What is a visual impairment?

Guest Author
January 11, 2023
What is a visual impairment?

What does it mean if someone has a visual impairment? What's the difference between visual impairment to legally blind? In today's blog post our guest author Chad answers these questions and explains to us, what visual impairment is.

When I was first diagnosed with Retinitis Pigmentosa, I remember being told I was legally blind. I did not know really understand all the different terms like visually impaired, legally blind, and blind being used to describe my diagnosis and prognosis. In my youthful ignorance, I believed that you were either blind or you could see. I did not know there were levels and degrees of blindness. Most of us, when we hear the word blind, think of a total loss of vision.  So, what does it mean when someone says I have a visual impairment? Well according to doctors a visual impairment means that a person’s vision cannot be corrected to a normal level. Apologies for those offended using normal, however, in the context of this blog post that is the technical definition of visual impairment.  

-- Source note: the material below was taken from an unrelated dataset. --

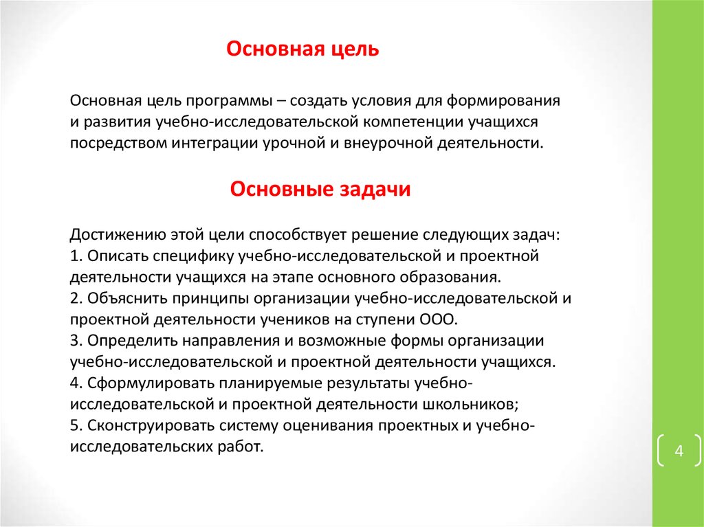 Основная цельОсновная цель программы – создать условия для формирования

The term visual impairment, or visually impaired can be just as hard to understand because of the wide range of eye conditions and visual acuity this term encompasses. For instance, did you know that you can be considered low vision with a visual acuity of 20/70? That does not seem like such a crazy margin. Nevertheless, the reality is that vision loss lies on a broad spectrum. Vision loss will never be the same for two people even if they have the same eye condition. Take me and my sister for instance. We both have Retinitis Pigmentosa, however, she has more functioning vision than I do. I tend to be way more cautious and nervous navigating, whereas she is full speed ahead and just plows into things with no fear. To me, this is what makes the term visually impaired a bit confusing because it is hard to know to what degree a person’s impairment is. When describing my circumstance, I personally believe the term visually impaired is easier to digest than legally blind. From my own personal encounters, I feel this term signifies to someone there is some type of impairment, but that there is possibly some functioning vision still intact.  

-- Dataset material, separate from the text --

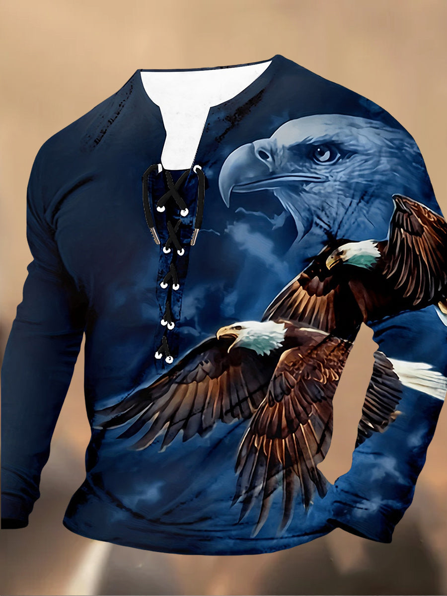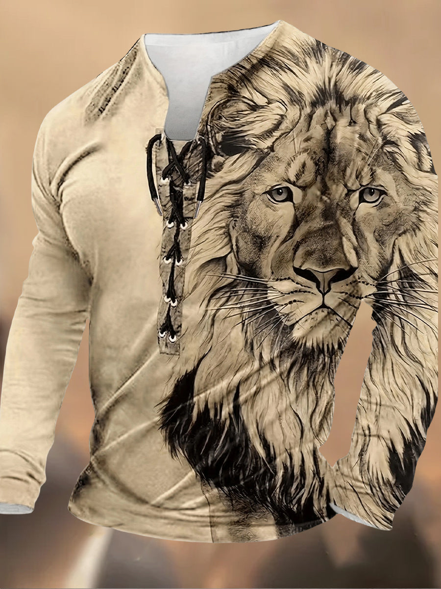 Мъжки ретро печат дантела с качулка с дълги ръкави случайни отгоре

When you use the word blind, I think people mistakenly conclude you have absolutely no vision whatsoever. When in reality many more people are legally blind than completely blind. Legally blind refers to someone who has central visual acuity that allows them to see directly straight ahead of them. Legally blind also for some people can be corrected and actually produce very normal vision. The term visually impaired just seems to fit me better since I do view it as an impairment, and it does hinder me in many ways and unfortunately cannot be cured or corrected. Whenever I tell someone that I am visually impaired and that I have low vision it makes it easier for me to start a conversation with someone about my vision loss. Perhaps, the current terminology used throughout the visually impaired community is not as precisely defined as we would like to believe.However, whenever I tell someone that I am visually impaired, I try to further explain to them exactly what I can see to help make it easier to understand.  I use the example of looking through a drinking straw or coffee straw and then just for fun, try throwing a cataract in there to help make that small field of vision blurry and foggy. At least for me, I find this to be an easy way to relate to people who have zero problems with their vision.  

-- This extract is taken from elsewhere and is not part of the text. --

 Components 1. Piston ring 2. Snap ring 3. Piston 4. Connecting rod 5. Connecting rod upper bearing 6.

I think it is important to stress that not every blind or visually impaired person struggles to see their environments and navigate them safely. I cannot see nearly anything nowadays, however, I can still walk freely on my own through routes and buildings that I am familiar with. I do not believe there is an easy way to answer the question of what it means to be visually impaired, subsequently, Ido not believe all questions have a concrete answer. The reality is that visual impairments lie upon an extremely vast spectrum. I think what matters is just trying to understand and be compassionate to how an individual prefers to identify themselves. If someone chooses visually impaired or legally blind, then that is their personal choice, and no one should be forced to conform to their visual identity.